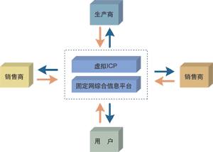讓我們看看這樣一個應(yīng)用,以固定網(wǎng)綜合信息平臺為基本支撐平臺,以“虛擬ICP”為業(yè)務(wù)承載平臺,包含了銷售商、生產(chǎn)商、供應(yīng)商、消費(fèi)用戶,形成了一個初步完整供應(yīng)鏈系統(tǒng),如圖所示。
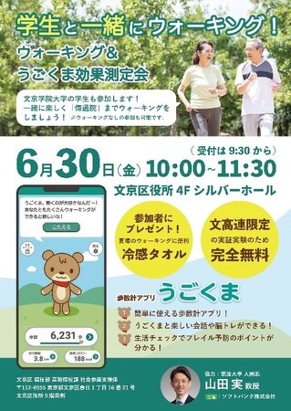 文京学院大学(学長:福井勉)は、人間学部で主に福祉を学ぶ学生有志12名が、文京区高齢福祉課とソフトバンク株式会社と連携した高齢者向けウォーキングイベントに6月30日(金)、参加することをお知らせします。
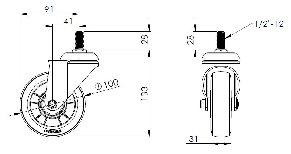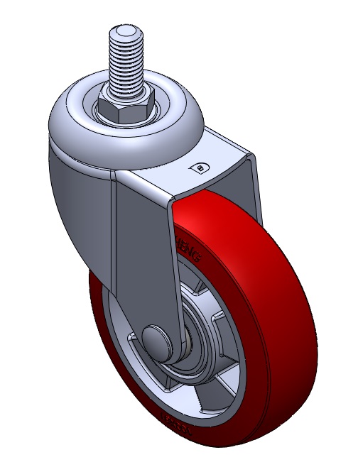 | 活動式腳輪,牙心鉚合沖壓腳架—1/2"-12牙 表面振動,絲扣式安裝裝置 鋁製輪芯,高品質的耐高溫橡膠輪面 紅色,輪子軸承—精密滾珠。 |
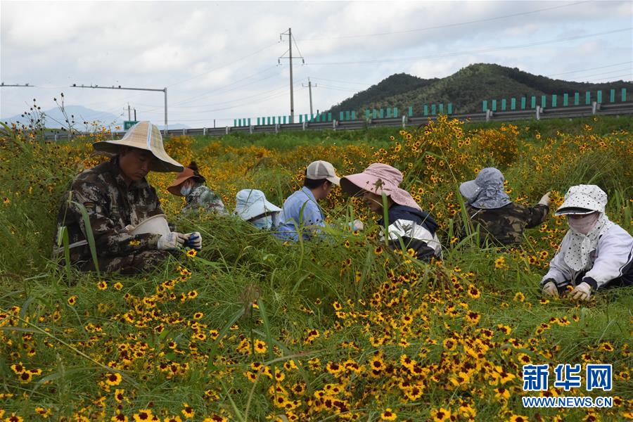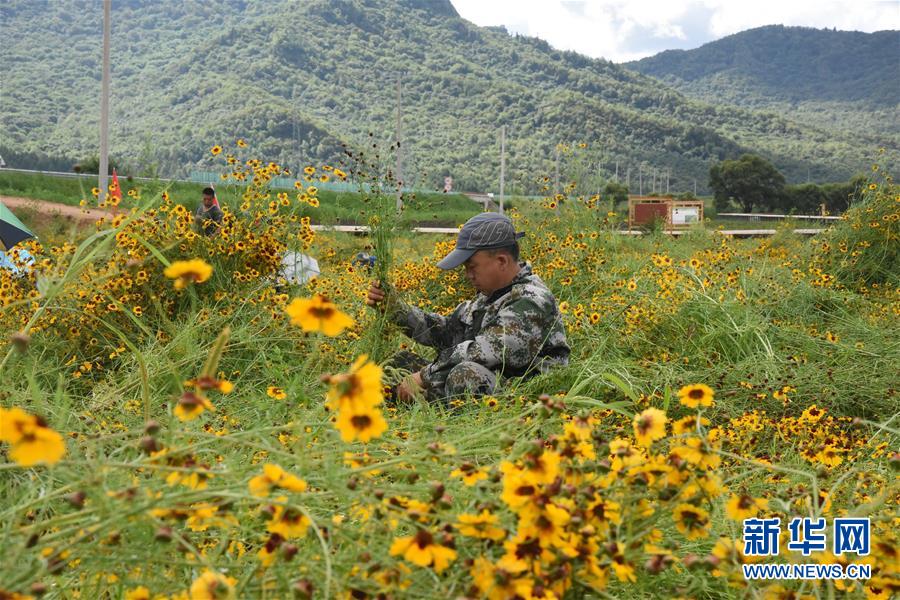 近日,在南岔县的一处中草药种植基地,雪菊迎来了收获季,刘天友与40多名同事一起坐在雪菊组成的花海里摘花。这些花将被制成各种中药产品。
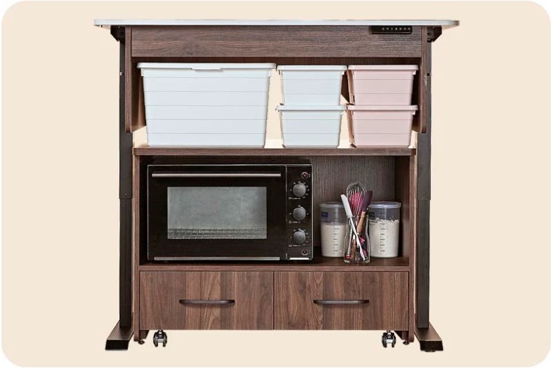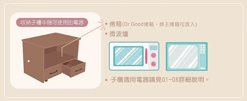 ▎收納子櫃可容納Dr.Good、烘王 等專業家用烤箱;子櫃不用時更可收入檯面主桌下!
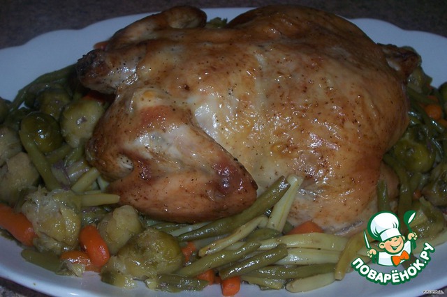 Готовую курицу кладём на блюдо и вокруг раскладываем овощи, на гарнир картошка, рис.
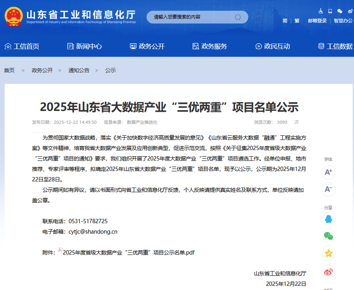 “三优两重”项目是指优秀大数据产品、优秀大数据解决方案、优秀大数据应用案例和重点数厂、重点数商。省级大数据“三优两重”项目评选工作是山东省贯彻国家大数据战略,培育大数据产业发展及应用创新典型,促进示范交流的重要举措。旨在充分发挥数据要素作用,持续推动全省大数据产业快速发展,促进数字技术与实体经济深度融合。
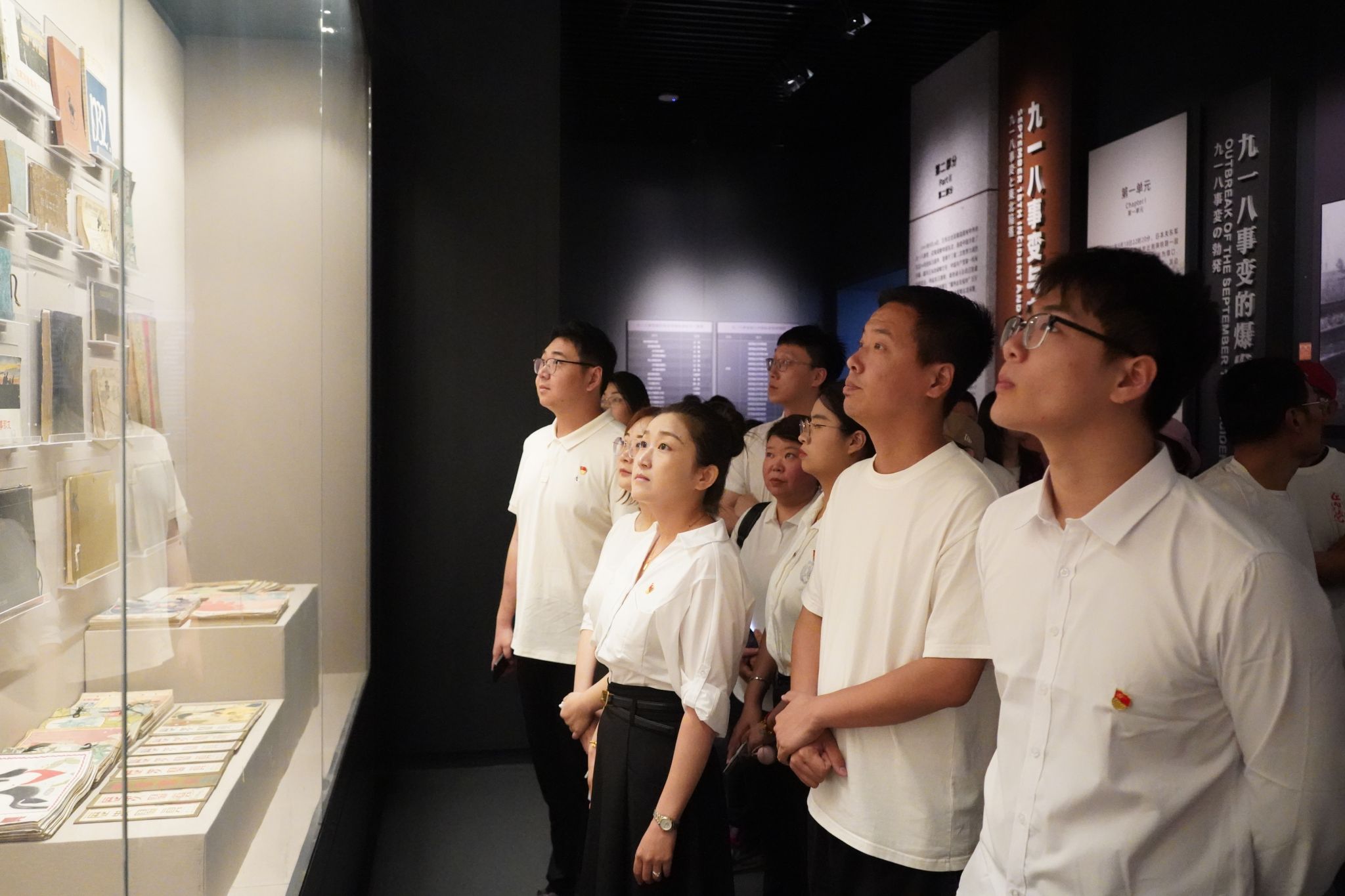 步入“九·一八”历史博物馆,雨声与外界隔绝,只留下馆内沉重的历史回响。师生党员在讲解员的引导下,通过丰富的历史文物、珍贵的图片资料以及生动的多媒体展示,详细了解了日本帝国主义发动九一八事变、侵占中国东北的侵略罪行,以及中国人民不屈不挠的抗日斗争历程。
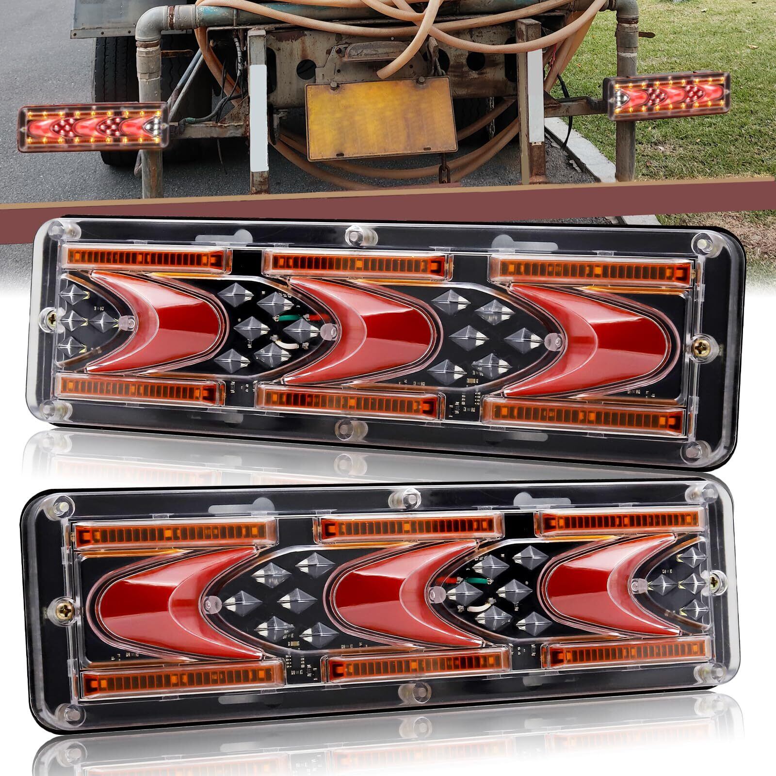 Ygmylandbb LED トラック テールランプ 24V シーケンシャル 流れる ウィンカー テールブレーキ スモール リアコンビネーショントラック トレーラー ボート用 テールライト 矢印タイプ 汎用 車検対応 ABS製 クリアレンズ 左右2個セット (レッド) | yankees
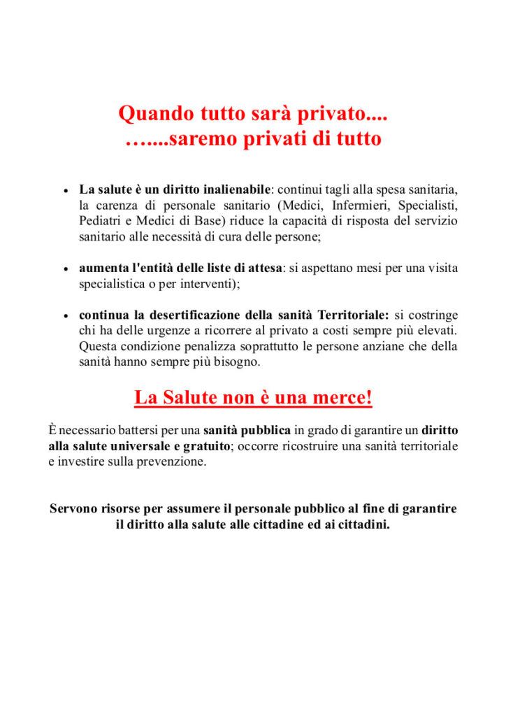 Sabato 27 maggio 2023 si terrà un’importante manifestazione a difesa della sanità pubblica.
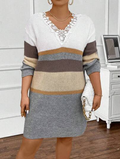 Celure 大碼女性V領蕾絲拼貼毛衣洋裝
──────
* _Activity_:
A complete and exact copy of the records is required. Exclude the pictures.

* _Task answer_:
讓我們看看這樣一個應(yīng)用,以固定網(wǎng)綜合信息平臺為基本支撐平臺,以“虛擬ICP”為業(yè)務(wù)承載平臺,包含了銷售商、生產(chǎn)商、供應(yīng)商、消費(fèi)用戶,形成了一個初步完整供應(yīng)鏈系統(tǒng),如圖所示。
 文京学院大学(学長:福井勉)は、人間学部で主に福祉を学ぶ学生有志12名が、文京区高齢福祉課とソフトバンク株式会社と連携した高齢者向けウォーキングイベントに6月30日(金)、参加することをお知らせします。
 | 活動式腳輪,牙心鉚合沖壓腳架—1/2"-12牙 表面振動,絲扣式安裝裝置 鋁製輪芯,高品質的耐高溫橡膠輪面 紅色,輪子軸承—精密滾珠。 |
 近日,在南岔县的一处中草药种植基地,雪菊迎来了收获季,刘天友与40多名同事一起坐在雪菊组成的花海里摘花。这些花将被制成各种中药产品。
 ▎收納子櫃可容納Dr.Good、烘王 等專業家用烤箱;子櫃不用時更可收入檯面主桌下!
 Готовую курицу кладём на блюдо и вокруг раскладываем овощи, на гарнир картошка, рис.
 “三优两重”项目是指优秀大数据产品、优秀大数据解决方案、优秀大数据应用案例和重点数厂、重点数商。省级大数据“三优两重”项目评选工作是山东省贯彻国家大数据战略,培育大数据产业发展及应用创新典型,促进示范交流的重要举措。旨在充分发挥数据要素作用,持续推动全省大数据产业快速发展,促进数字技术与实体经济深度融合。
 步入“九·一八”历史博物馆,雨声与外界隔绝,只留下馆内沉重的历史回响。师生党员在讲解员的引导下,通过丰富的历史文物、珍贵的图片资料以及生动的多媒体展示,详细了解了日本帝国主义发动九一八事变、侵占中国东北的侵略罪行,以及中国人民不屈不挠的抗日斗争历程。
 Ygmylandbb LED トラック テールランプ 24V シーケンシャル 流れる ウィンカー テールブレーキ スモール リアコンビネーショントラック トレーラー ボート用 テールライト 矢印タイプ 汎用 車検対応 ABS製 クリアレンズ 左右2個セット (レッド) | yankees
 Sabato 27 maggio 2023 si terrà un’importante manifestazione a difesa della sanità pubblica.
 Celure 大碼女性V領蕾絲拼貼毛衣洋裝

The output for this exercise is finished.